On these playing fields, ones that sociologist Billy Hawkins would argue are never theoretically far from plantation fields, financial stakeholders value Black bodies for their productive potential and physical prowess. The league encourages and facilitates rigorous training and disciplining so players can execute seemingly impossible corporeal demands, all in the service of entertainment, money-making, and insatiable fandom. In the words of sociologist and activist Harry Edwards, “like a piece of equipment, the black athlete is used.” While I am not aware of research that compares the rate of injury between Black and white football players, heatstrokes, ACL and labrum tears, ankle sprains, bone breaks, and concussions are just a few of the consequences of how these bodies are used.
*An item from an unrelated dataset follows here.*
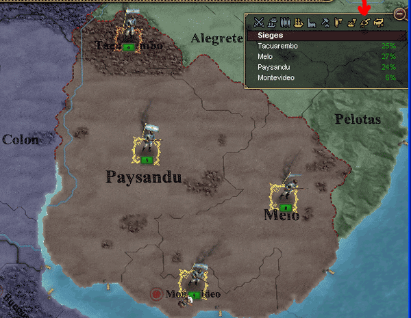 さっきウルグアイに宣戦布告するのに使ったアイコンが和平交渉に変わってるからそこをクリックして

Of course, this acid trip ended with a racism lecture. So, the sport would be less violent if there were more black executives in football? Some things don’t mix, and the list is endless: ham and tuna fish sandwiches, ranch and Oreo cookies, left-wing pseudointellectual babblings, and football. Players already have hundreds of plays to memorize and bodies to maintain—they don’t have time for this nonsense, and neither do the fans or the NFL’s front offices. Now, the lack of diversity among black head coaches and executives is a debate; it’s not a new one, but to weave that into this freak medical injury is nutbar factor six, and everyone knows that except people who don’t watch football. Also, there are professional football players who succumb to and endure nasty injuries as well. Hamlin’s emergency was frightening but not a frequent occurrence, so thanks for reminding us that the Left is a bunch of insufferable clowns who can’t, for a second, allow us to come together and be non-political. This op-ed is trash, much like Russell Wilson’s quarterback play this season. 

And enough with the slavery comparisons, please. These players get some good coin to do what they love, and even the practice squad gets solid paychecks, with those having exceptional talent being given generational wealth.